Сначала композитор идет по берегу озера в сторону замка. Он проходит по набережной, где когда-то русские визитеры приударяли за миловидными швейцарскими горничными. На другой стороне озера в лиловой тьме мерцают снежные вершины. Путь композитора лежит сначала на юг, потом на восток – через перевал. А потом – на запад.
Он переносится через Атлантику и высаживается на Тресковом Мысе. Весной 42-го он прожил здесь несколько недель в полном одиночестве, сочиняя рассказ для «Нью-Йоркера». Рассказ был утерян, и композитор о нем никогда не вспоминал. В ту весну ему почему-то страстно захотелось вернуть к жизни своего любимца Василия Шишкова, которого в той новой, англоговорящей жизни он освободил из приарктического лагеря летом 41-го и отправил воевать под Волхов. А коттеджик, который композитор снимал на самом локте Трескового Мыса, потом приобрел и перестроил бритоголовый бостонский выдумщик с женой-американкой и музыкальными дочками.
Композитор появляется в городке с гомеровским названием, о котором весной 61-го он подробно рассказывал сестре на платформе итальянского вокзала, – рассказывал, перемежая фразы хохотом если не гомерическим, то раскатистым и иностранным. В этом университетском городке, затерянном среди дактилических озер и одинаково отдаленном от Нью-Йорка и от Бостона, они прожили почти одиннадцать лет; здесь он проснулся знаменитым. В его бывшем университетском кабинете теперь сидит рыжий ленинградец, расшифровавший все до единого имена в реестре одноклассников его любимой, его самой несчастной героини. Композитор проходит по спящим улочкам городка. Он останавливается у забора санатория для душевнобольных, где по дорожкам бродит Амброс Адельварт, бывший дядька и мажордом в семье богатых американцев с Лонг-Айленда. «А, вот и ловец бабочек пожаловал», – говорит Адельварт и долго машет композитору мягкой пятерней. Композитор обходит свои любимые места. Сюда, в дом на Хайланд Роуд, весной 58-го к нему приезжала бывшая жена Ники, его двоюродного брата, чтобы записать интервью для «голоса». Незадолго до этого вышел роман о профессоре-эмигранте, а нимфеточка вот-вот должна была прославить композитора и освободить его от забот о хлебе насущном. В шутку ли он тогда упомянул, что советские издательства пока не обращались к нему по поводу издания книг?

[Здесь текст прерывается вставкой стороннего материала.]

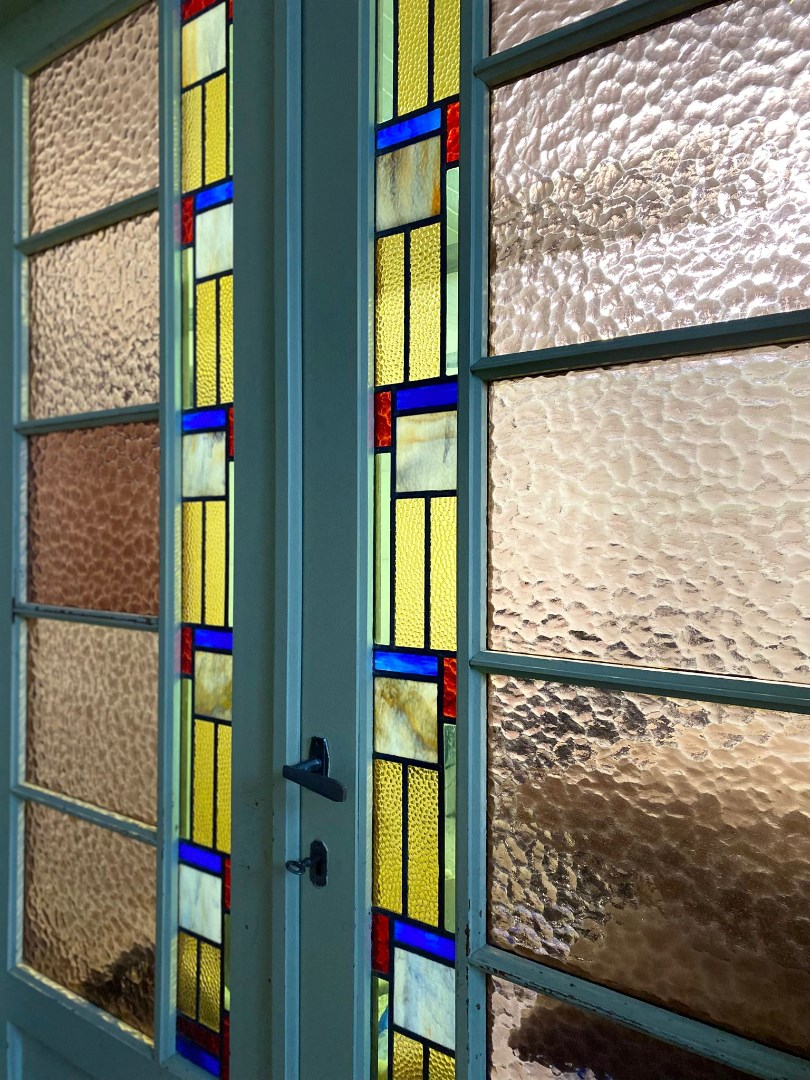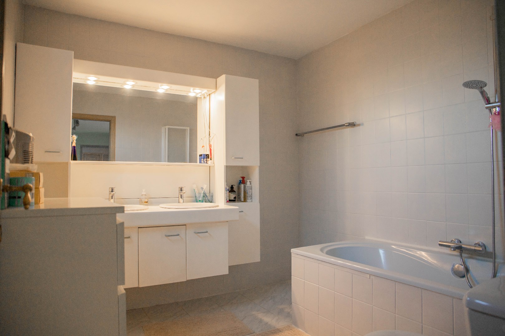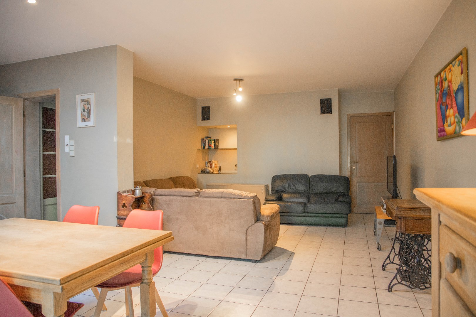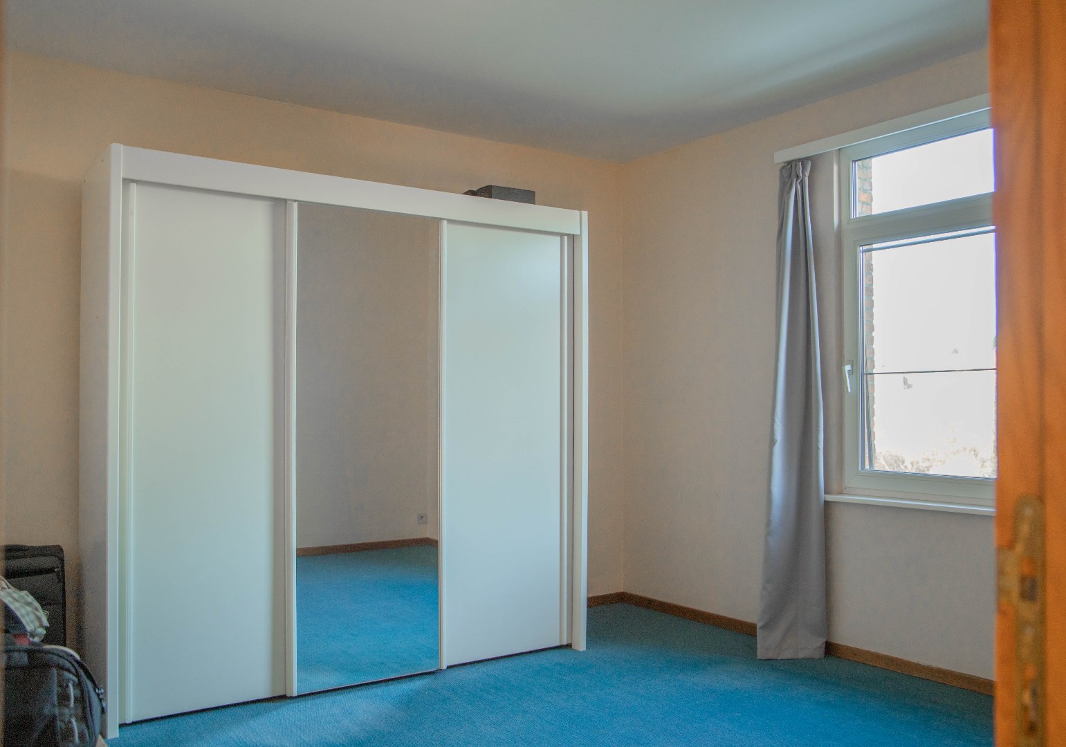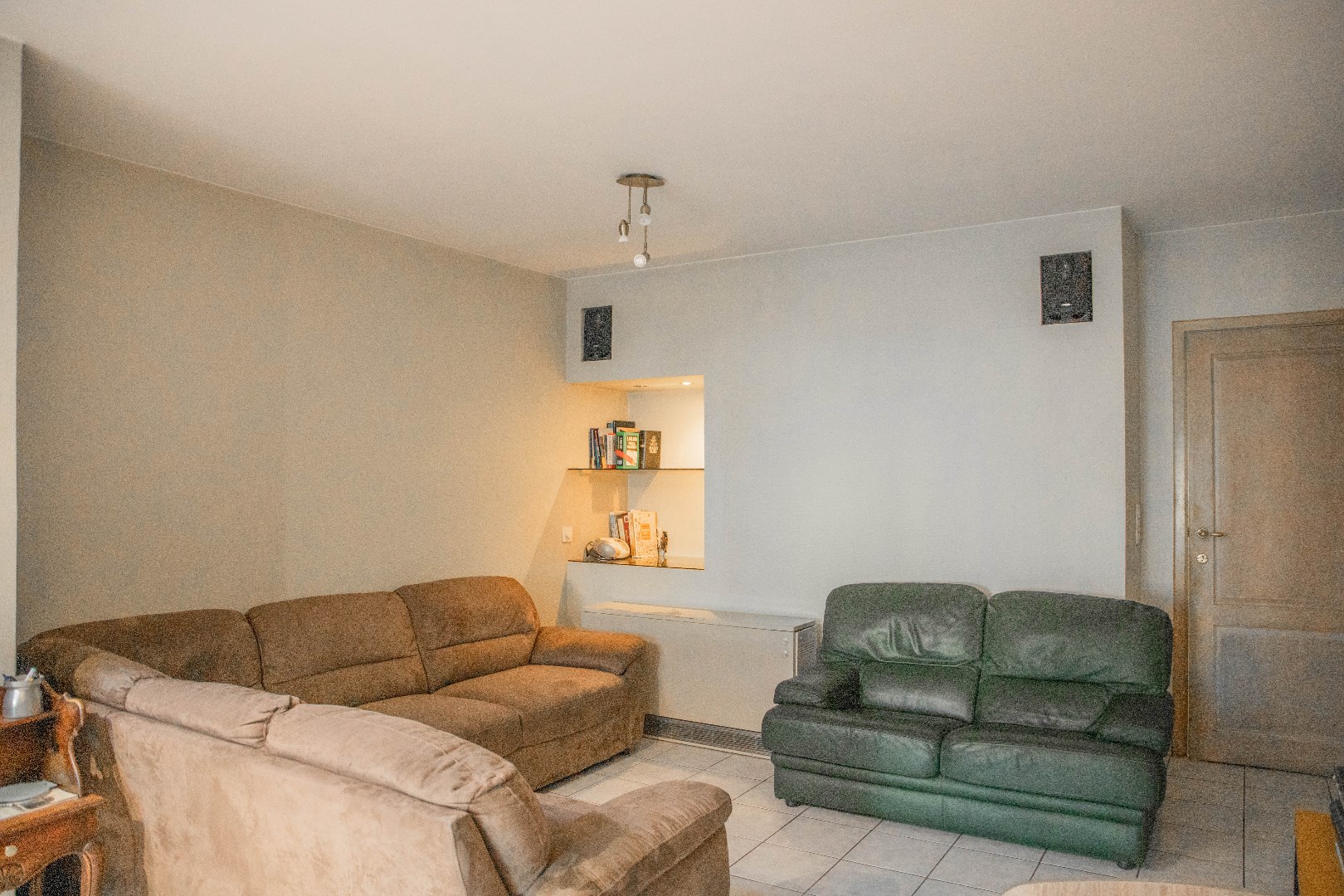 Via de inkomhal op mozaïekvloer komt u de woning binnen. De deuren met glas in lood springen hierbij direct in het oog en geven toegang tot de inpandige garage, die ruimte biedt voor een kleine wagen of fietsen. We gaan verder naar achter en komen zo in de ruime leefruimte. De ruime keuken – met voldoende kasten en toestellen – sluit hierbij mooi aan. Zowel vanuit de leefruimte als de keuken is er toegang tot de veranda. De badkamer is ingericht met een ligbad, lavabomeubel en toilet. Achter de badkamer is er een berging/wasplaats, enkel bereikbaar via de tuin.

Композитор божественных крестословиц стоит на нижней оконечности Манхэттена и смотрит на Эллис Айленд, куда уже давно не пристают корабли с беженцами. Здесь началась их новая жизнь в Новом Свете. Он поглядывает на причалы и Статую Свободы и думает о тех европейских стоянках их европейского кочевья, которые ему больше не суждено посетить. Вот бы увидеть – хоть одним глазком – те места, где они с Верочкой любили, где познали счастье рождения сына. Говорят, что на улицах Шарлоттенбурга снова слышна русская речь. Но в Берлин композитор вернулся бы только в качестве расследователя и обличителя, а теперь уже поздно расследовать и обличать. В Париж? Нет, в Париже пусто и одиноко. Нет больше друзей – ни Фундика, ни Сабы, ни милейшего Марка Александровича. Да и она тоже давно умерла.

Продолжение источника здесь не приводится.